Paine was also questioned for his captaincy tactics. He hardly used Cameron Green at Gabba while few experts reckoned that he was quite defensive in his captaincy overall as well. To top that, he was also found using foul language for one of the umpires in Sydney and also for Indian cricketer Ravichandran Ashwin. Now, his future as the skipper of the side is also under scanner.
However, former Australian pacer Brett Lee has jumped to the defense of the Australian skipper and stated that he has been very good as a leader and people have made too much of the dropped chances, which isn't quite out of the blue for wicket-keepers.
“I think since he’s taken over the captaincy he’s shown real good leadership qualities,” Lee told foxsports.com.au, reported Sportstar.
“And look, there’s been a lot written about Tim Paine behind the stumps. He’s grassed a few chances, but who hasn’t? You look at all the keepers in history and I’m sure there would be plenty who had leaner periods behind the stumps. With the bat, you can’t fault him. He goes along with Marnus Labuschagne as having one of the best techniques in the team. He stood up and took on the Indian players,” he said.
Lee added that he finds him a great overall package and is quite good be it as a keeper, batsman, or captain.
“His captaincy has been really good. As I said, in Sydney there were maybe a few other things he could have tried, but put yourself in that situation — he’s under the pump, he’s had a few players go down as well, there’s chances (gone begging) when they’re trying to take those last five wickets,” he said.
“(He’s a) brilliant keeper, his batting has been outstanding, and his captaincy really sound.”
Former Australian skipper Michael Clarke also asserted that over time the power in the cricket team has gone through transition and only the captain can't be held accountable for defeats.

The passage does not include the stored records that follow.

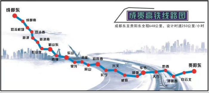 成贵高铁起于四川省成都市,途经眉山市、乐山市、宜宾市,云南省昭通市威信县、镇雄县,以及贵州省毕节市,终至贵阳市,线路全长648公里,设计时速250公里。其中,成都至乐山段已于2014年底开通运营,乐山至宜宾段2019年6月开通运营。此次开通的宜宾至贵阳段全长372公里,设宜宾西、长宁、兴文、威信、镇雄、毕节、大方、黔西、清镇西、白云北、贵阳东11座车站,初期运营时速250公里。
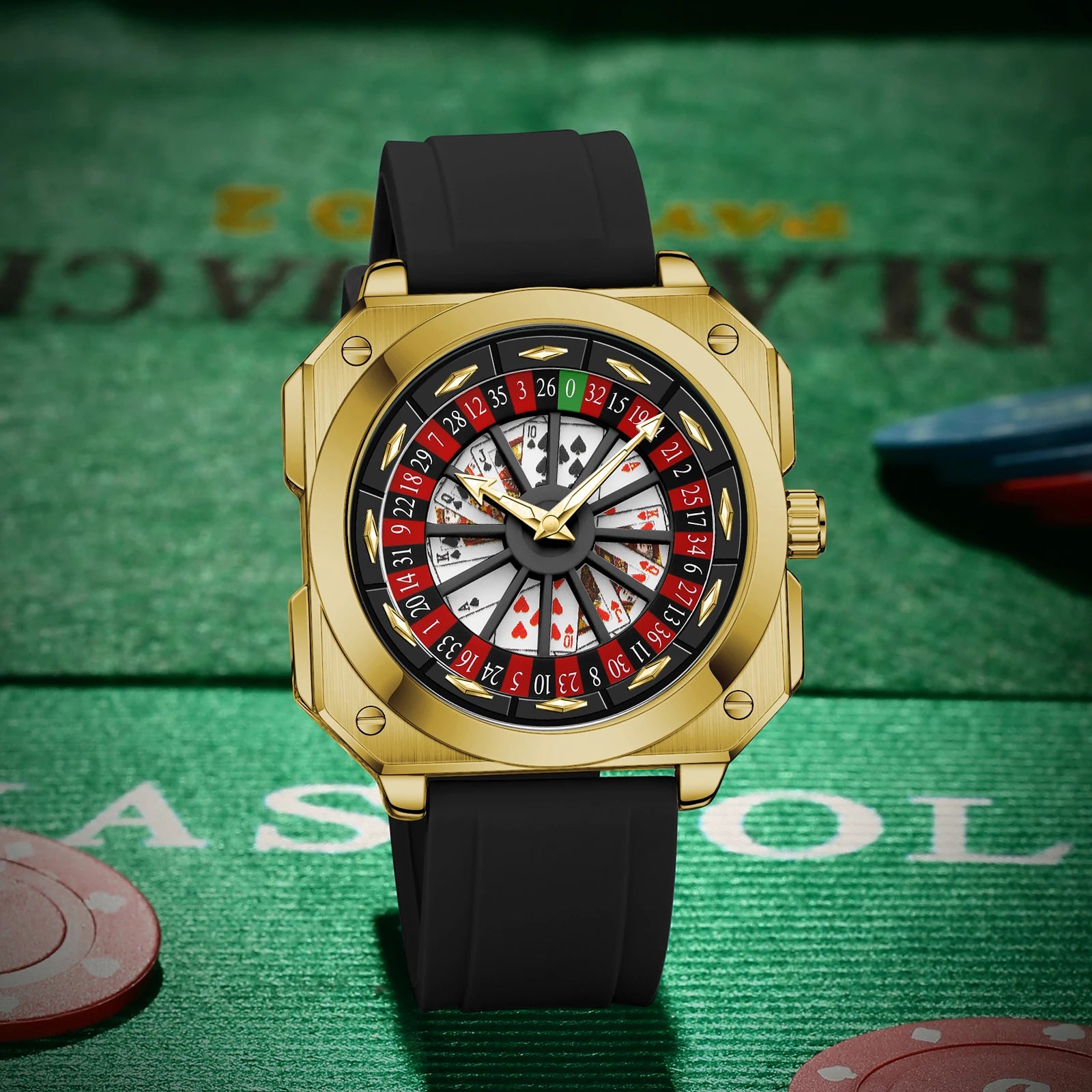 Brand Quartz Movement Men Watch 42mm Square Silver Black Silicone Clock Creative Rotating Compass Military Men Watch
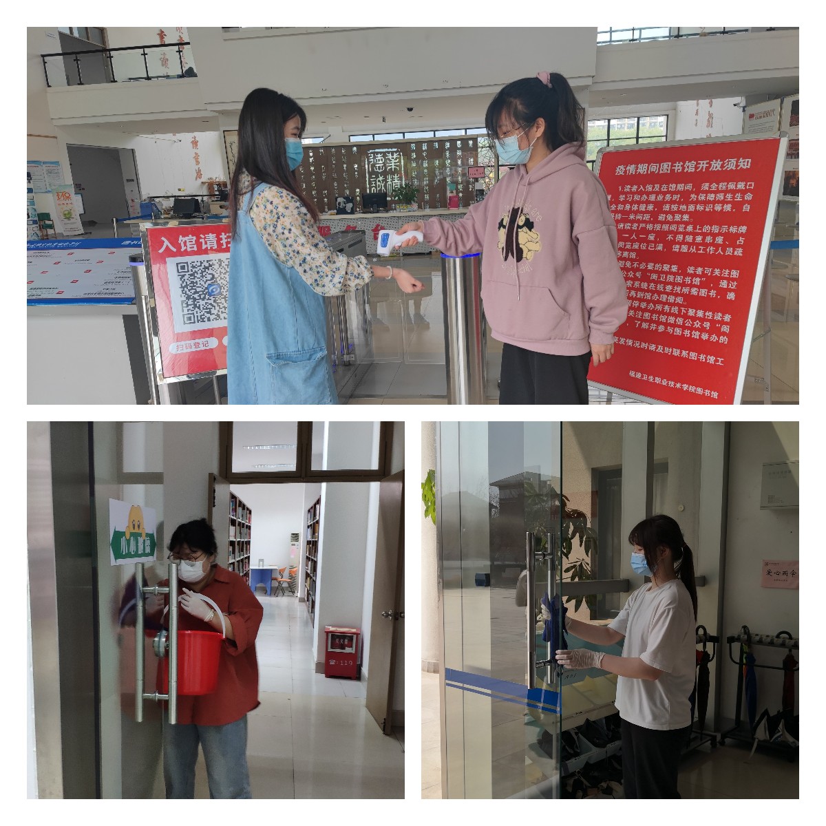 为确保图书馆安全有序开放,图书馆从细从严抓好各项防控措施——读者入馆需佩戴口罩、扫码核验健康码与行程码并测量体温、保持一米距离;图书馆入口、电梯、楼梯墙面张贴的疫情防控海报以及LED屏、微信公众号、网站等平台的宣教内容,提醒读者遵守防控规定,做好自我防护;馆内定时通风换气,阅览桌、地面每日清洁消毒,门把手、电梯按钮等公共接触部位每两小时消毒一次;图书馆入口处、电梯、洗手间配备洗手液,电子阅览室配备一次性手套,电脑和检索机覆盖键盘膜并每日消毒更换;读者翻阅、归还图书,经杀菌消毒后再上架;图书馆员们每一小时巡查一次书库、阅览室,发现读者未规范佩戴口罩、扎堆聚集等现象及时进行引导教育……

“When I played cricket when I grew up watching my father ... the captain was accountable in the teams I played in. Through that transition of me captaining Australia, that changed. There had become a chairman of selectors that had more pull, there had become a high performance manager that had more pull, there had become a head coach who had more pull,” Clarke told Big Sports Breakfast.
“So now, who is driving the bus? This is my point.”
He also pointed out Australia's negative attitude as one of the reasons for their 1-2 loss to a depleted Indian side, which was missing as many as seven first-choice players for the Gabba Test and had to play two net bowlers, who were named as injury replacements owing to lack of choices in the squad.
“I thought we might have been a tad negative at certain stages throughout because we were scared to lose versus attack hard and look to win the game,” Clarke said on Big Sports Breakfast.
“At the end of the day, whether we lost with 20 overs left in the game or on the last ball of the game, it didn’t matter. We had to win that game to win that trophy. I sort of feel we should have approached the first ball of that game to the last ball of that game with a bit more of that attitude.”